Exercise goal: Exclude the pictures and set down, unaltered, the lines from the one that holds "Oczywiście wyniki te" through the end of the data.

┌──

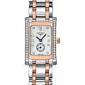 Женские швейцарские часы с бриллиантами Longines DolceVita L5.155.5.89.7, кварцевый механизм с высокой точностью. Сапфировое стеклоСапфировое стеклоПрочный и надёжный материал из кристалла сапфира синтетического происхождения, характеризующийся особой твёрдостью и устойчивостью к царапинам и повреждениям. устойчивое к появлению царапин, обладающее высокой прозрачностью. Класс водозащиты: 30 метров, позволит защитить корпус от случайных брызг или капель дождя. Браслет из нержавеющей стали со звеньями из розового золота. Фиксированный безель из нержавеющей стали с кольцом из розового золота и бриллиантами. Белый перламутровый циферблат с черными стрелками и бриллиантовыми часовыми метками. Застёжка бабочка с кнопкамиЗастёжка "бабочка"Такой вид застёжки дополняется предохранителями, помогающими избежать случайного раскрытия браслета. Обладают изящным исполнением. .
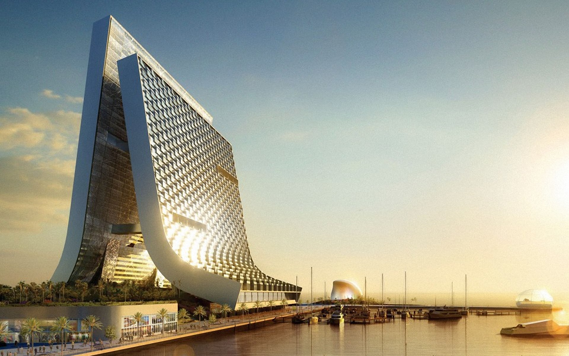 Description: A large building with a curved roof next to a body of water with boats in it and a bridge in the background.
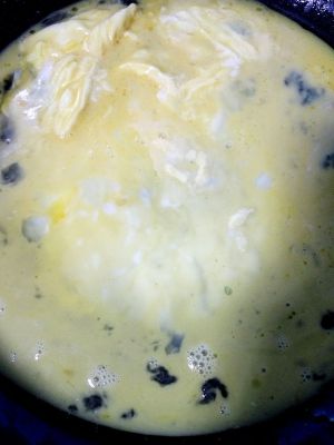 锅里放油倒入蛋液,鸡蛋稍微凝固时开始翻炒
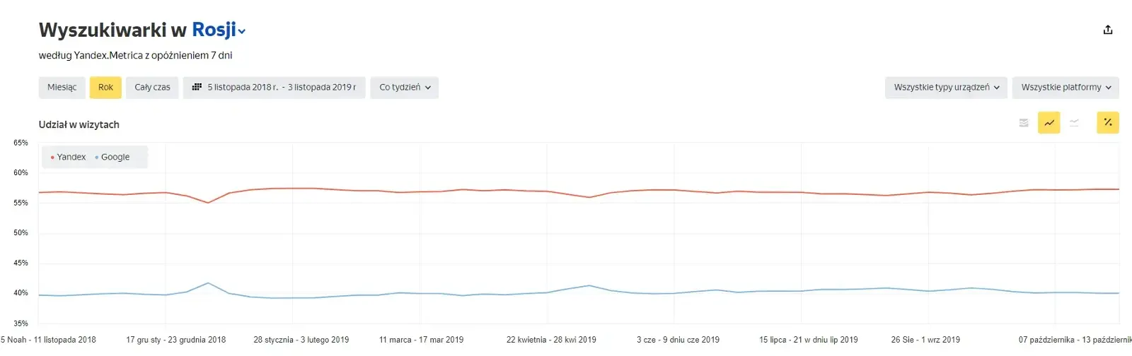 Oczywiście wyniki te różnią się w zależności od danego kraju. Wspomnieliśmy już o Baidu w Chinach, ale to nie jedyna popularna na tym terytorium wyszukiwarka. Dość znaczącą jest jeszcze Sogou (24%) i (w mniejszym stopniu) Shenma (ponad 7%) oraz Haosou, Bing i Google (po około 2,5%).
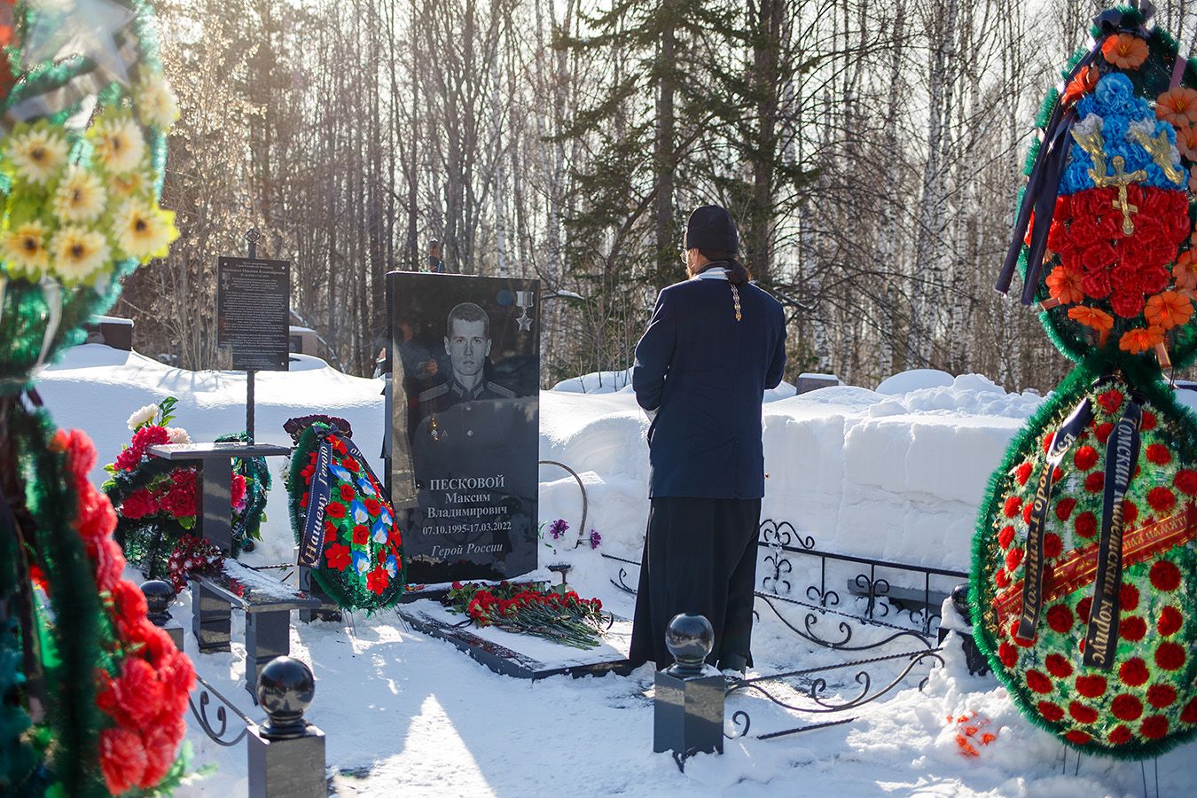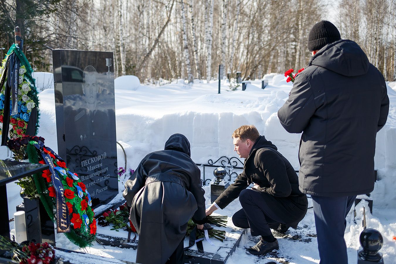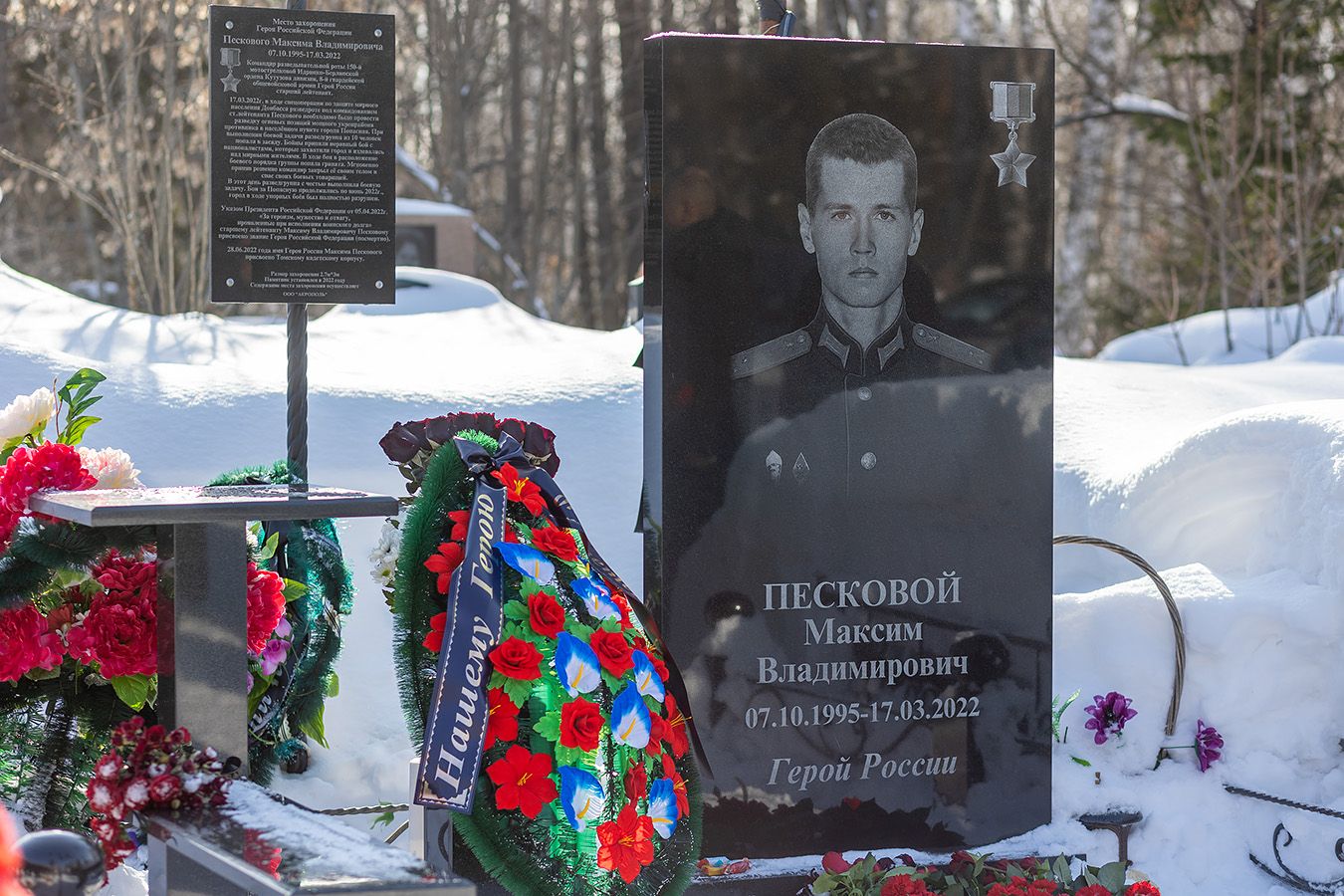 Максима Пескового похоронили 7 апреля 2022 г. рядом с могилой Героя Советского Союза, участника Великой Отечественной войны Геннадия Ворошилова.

└──

Response below:
 Oczywiście wyniki te różnią się w zależności od danego kraju. Wspomnieliśmy już o Baidu w Chinach, ale to nie jedyna popularna na tym terytorium wyszukiwarka. Dość znaczącą jest jeszcze Sogou (24%) i (w mniejszym stopniu) Shenma (ponad 7%) oraz Haosou, Bing i Google (po około 2,5%).
 Максима Пескового похоронили 7 апреля 2022 г. рядом с могилой Героя Советского Союза, участника Великой Отечественной войны Геннадия Ворошилова.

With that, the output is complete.